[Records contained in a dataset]
•••••
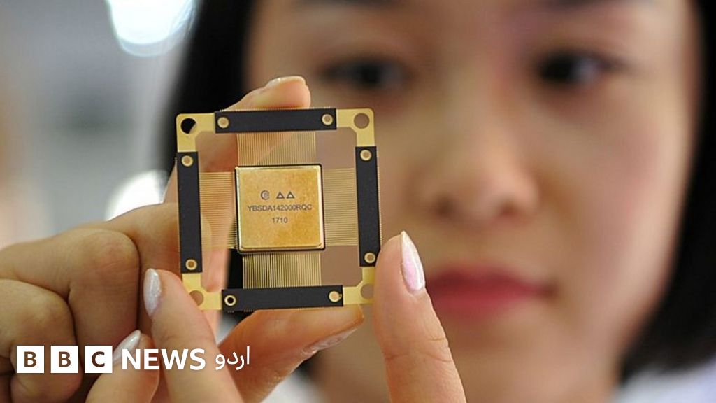 ،تصویر کا کیپشناپریل 2018 میں ہونے والی ’فرسٹ ڈجیٹل چائنا سمٹ‘ کے موقع پر فائیو جی نیٹورک میں استعمال ہونے والی چِپ کی نمائش کی گئی تھی
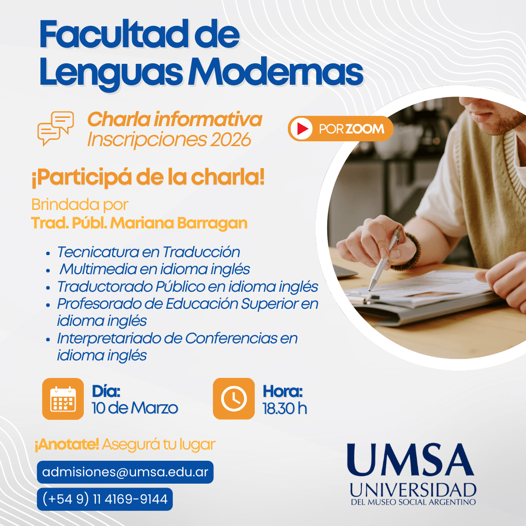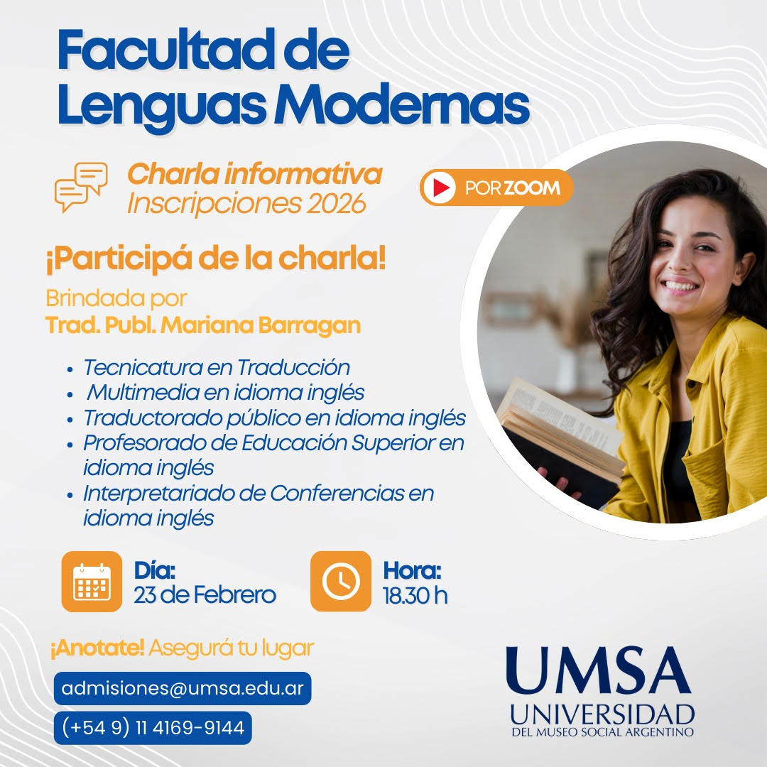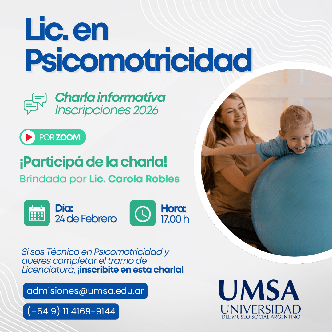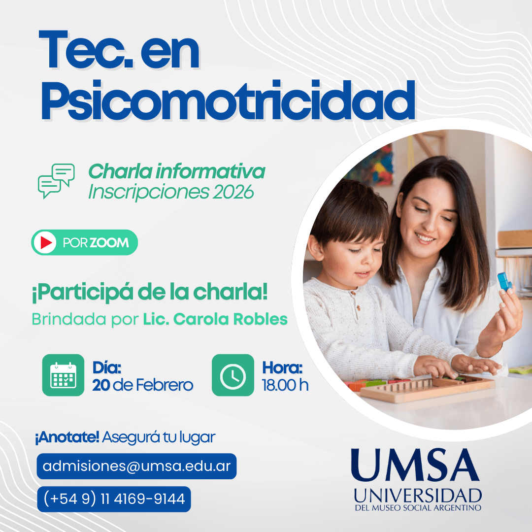 ¿Querés saber más sobre la Tecnicatura en Psicomotricidad? ¡Esta charla es para vos! 💬💻 📌 Te esperamos en la Charla Informativa Online sobre la tecnicatura en Psicomotricidad en UMSA, brindada por su Directora, la Lic. Carola Robles. Vas a poder:✅ Conocer el plan de estudios✅ Consultar todo lo que necesites✅ Informarte sobre la cursada que comienza en Marzo 2026 ¡Te esperamos para dar el primer paso en tu futuro profesional! 💼📚
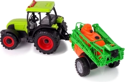 El pulverizador con remolque tiene dos ruedas, se desconecta fácilmente y sus brazos se despliegan para una amplia cobertura, ideal para un juego de granja realista.
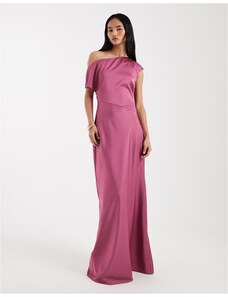 Six Stories Bridesmaids satin asymmetric off shoulder maxi dress in dark pink-Purple
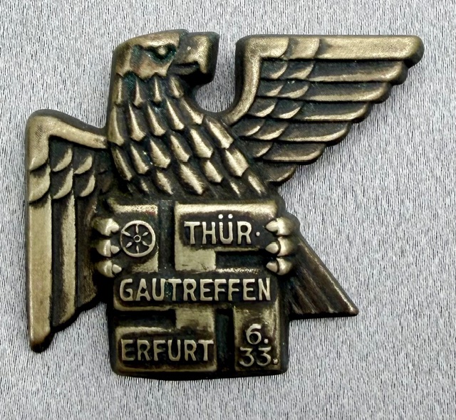 Thür. Gautreffen Erfurt Tinnie 4.6.33, metal pinback, 48mm X 41mm
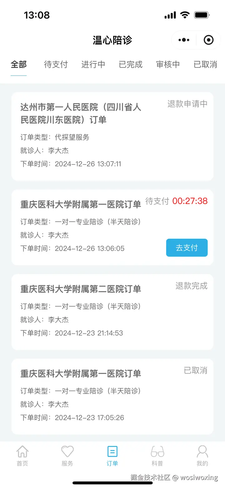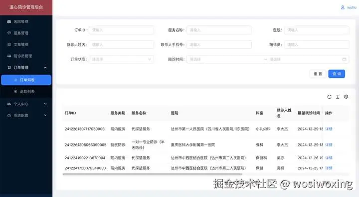| 订单管理 | 列表/详情/分配陪诊员; | |
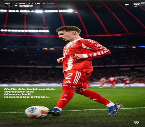 體育播報4月10日宣 拜仁官方宣布卡爾右大腿后側(cè)肌肉纖維撕裂,預(yù)計缺陣三周時間。
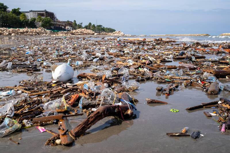 峇里島Kuta海灘堆滿垃圾,許多專家呼籲加強廢棄物管理執法與教育。(歐新社)
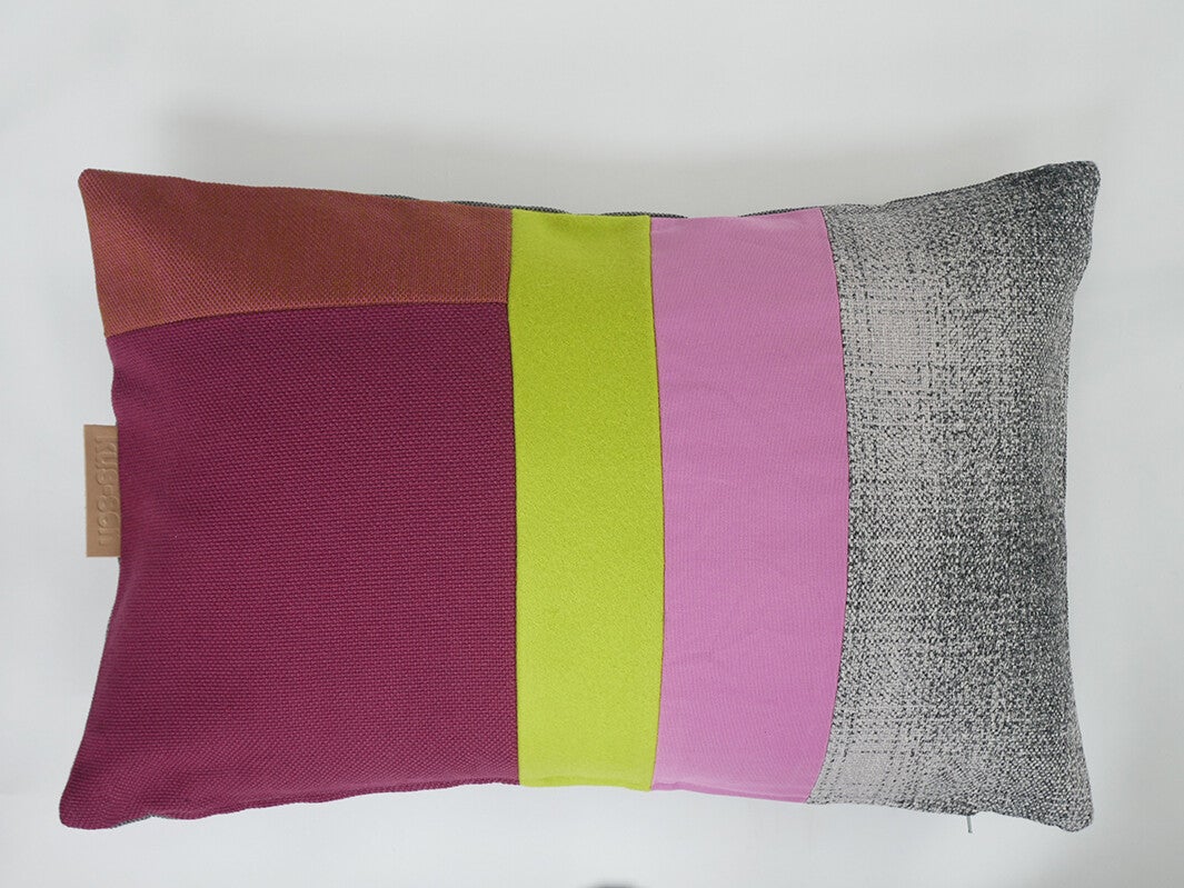 Kussen 0755 roze/groen/zwartwit, 2 verschillende kanten, 40x60cm
•••••
- **ASSIGNMENT**
What is wanted is a word-for-word restatement of the entries, without their images.

- **SOLVED PROBLEM**
 ،تصویر کا کیپشناپریل 2018 میں ہونے والی ’فرسٹ ڈجیٹل چائنا سمٹ‘ کے موقع پر فائیو جی نیٹورک میں استعمال ہونے والی چِپ کی نمائش کی گئی تھی
 ¿Querés saber más sobre la Tecnicatura en Psicomotricidad? ¡Esta charla es para vos! 💬💻 📌 Te esperamos en la Charla Informativa Online sobre la tecnicatura en Psicomotricidad en UMSA, brindada por su Directora, la Lic. Carola Robles. Vas a poder:✅ Conocer el plan de estudios✅ Consultar todo lo que necesites✅ Informarte sobre la cursada que comienza en Marzo 2026 ¡Te esperamos para dar el primer paso en tu futuro profesional! 💼📚
 El pulverizador con remolque tiene dos ruedas, se desconecta fácilmente y sus brazos se despliegan para una amplia cobertura, ideal para un juego de granja realista.
 Six Stories Bridesmaids satin asymmetric off shoulder maxi dress in dark pink-Purple
 Thür. Gautreffen Erfurt Tinnie 4.6.33, metal pinback, 48mm X 41mm
| 订单管理 | 列表/详情/分配陪诊员; | |
 體育播報4月10日宣 拜仁官方宣布卡爾右大腿后側(cè)肌肉纖維撕裂,預(yù)計缺陣三周時間。
 峇里島Kuta海灘堆滿垃圾,許多專家呼籲加強廢棄物管理執法與教育。(歐新社)
 Kussen 0755 roze/groen/zwartwit, 2 verschillende kanten, 40x60cm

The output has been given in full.